## Assigned task
Your output should be the lines below from the one holding "edTPA Comprehensive Questions" through the one holding "上一届党支部书记林宏举与当选党支部书记陈为民交接仪式", transcribed exactly, with no pictures.

## Information supplied
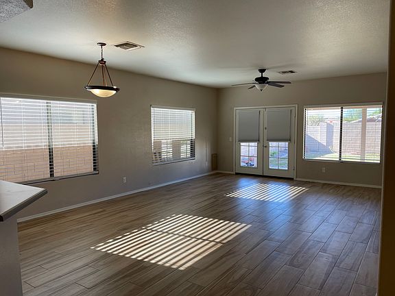 LOCATION! You are going to love this 4 bed 2 bath rental on a quiet cul-de-sac lot, surrounded by mountain views and natural desert! Open floor plan, lots of natural light, eat-in kitchen with breakfast bar, stainless appliances, luxury wood tile flooring, ceiling fans, French doors and so much more! All good-sized bedrooms and closets, master with large walk-in and garden tub with separate shower and dual sinks. Enjoy your evenings out back under an oversized covered patio with a grassy area and no fuss maintenance. Close to everything Peoria and Phx has to offer!
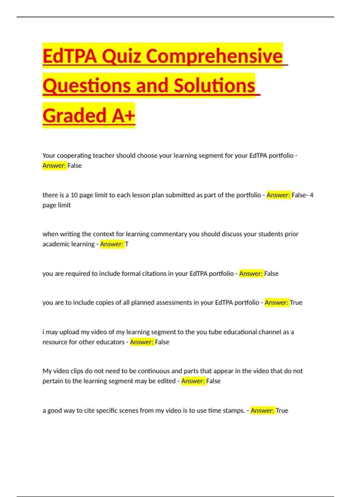 edTPA Comprehensive Questions and Solutions Graded A Package Deal
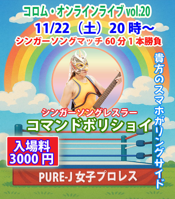 コロム・オンラインライブvol.20「シンガーソングマッチ 60分1本勝負」 日時:11月22日(土)20時~21時(60分) 料金:3000円 スマホで視聴するコマンドボリショイのギター弾き語りライブ ご視聴方法:下記のリンクよりライブチケットを購入。 https://corom.app/mp/MERue?ticketId=v4FkI4AWGAbiFCmFf6Zf
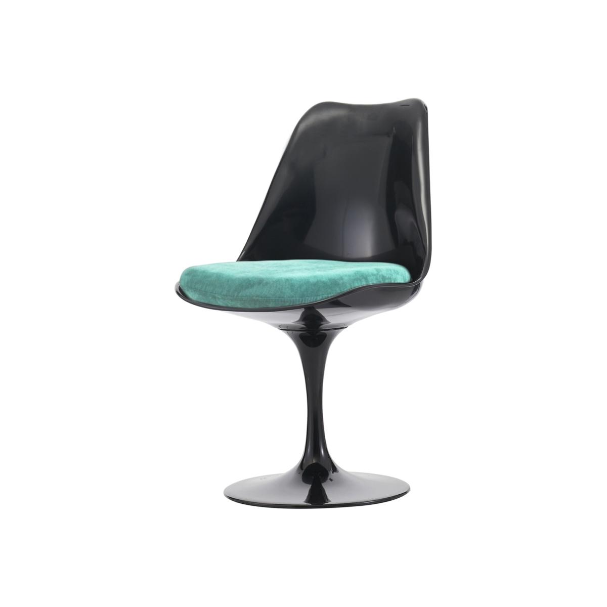This super sleek, Luxurious Tulip Side Chair, with its futuristic look, is the ultimate statement piece for your stylish interior. The contrast between the coloured cushion and black is fabulous but do check out our other seat cushion colours as well - we love them!This stylish and high quality Tulip chair would be perfect in any contemporary interior. This side chair is a real conversation piece and will work well on its own or within a set of matched chairs together with the Tulip Dining Table. The cushion cover is removable and the seat itself is gracefully supported by a single stem, connected to the base of heavy duty aluminium which incorporates a smooth swivel mechanism for all around movement - great for home, office or commercial use.
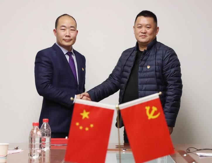 上一届党支部书记林宏举与当选党支部书记陈为民交接仪式
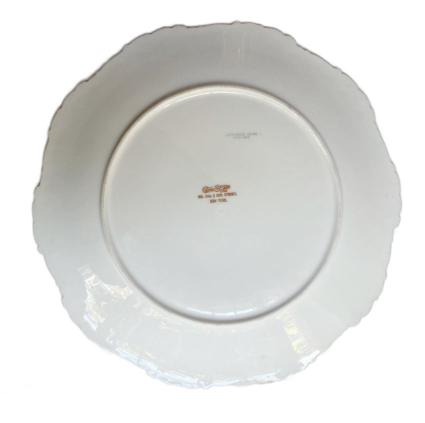 A truly stunning 19th century Copeland dessert plate, exquisitely hand painted and hand enameled with a lush bouquet of roses in romantic hues. The rim is richly encrusted with hand-applied gold in a scrolling rococo pattern that beautifully frames the floral center. So fabulous, the rim is lavishly encrusted with raised gilding in an ornate rococo design, shimmering with opulence. Each plate from this period was painted by a skilled artist, making it a miniature work of art, the most ornate, gilt encrusted museum quality hand painted plate. Made by Copeland, England, especially for Gilman Collamore & Co. - a very high-end luxury shop rivaling Tiffany & Co. and Black, Starr & Frost - in 1890.

## Written answer
 edTPA Comprehensive Questions and Solutions Graded A Package Deal
 コロム・オンラインライブvol.20「シンガーソングマッチ 60分1本勝負」 日時:11月22日(土)20時~21時(60分) 料金:3000円 スマホで視聴するコマンドボリショイのギター弾き語りライブ ご視聴方法:下記のリンクよりライブチケットを購入。 https://corom.app/mp/MERue?ticketId=v4FkI4AWGAbiFCmFf6Zf
This super sleek, Luxurious Tulip Side Chair, with its futuristic look, is the ultimate statement piece for your stylish interior. The contrast between the coloured cushion and black is fabulous but do check out our other seat cushion colours as well - we love them!This stylish and high quality Tulip chair would be perfect in any contemporary interior. This side chair is a real conversation piece and will work well on its own or within a set of matched chairs together with the Tulip Dining Table. The cushion cover is removable and the seat itself is gracefully supported by a single stem, connected to the base of heavy duty aluminium which incorporates a smooth swivel mechanism for all around movement - great for home, office or commercial use.
 上一届党支部书记林宏举与当选党支部书记陈为民交接仪式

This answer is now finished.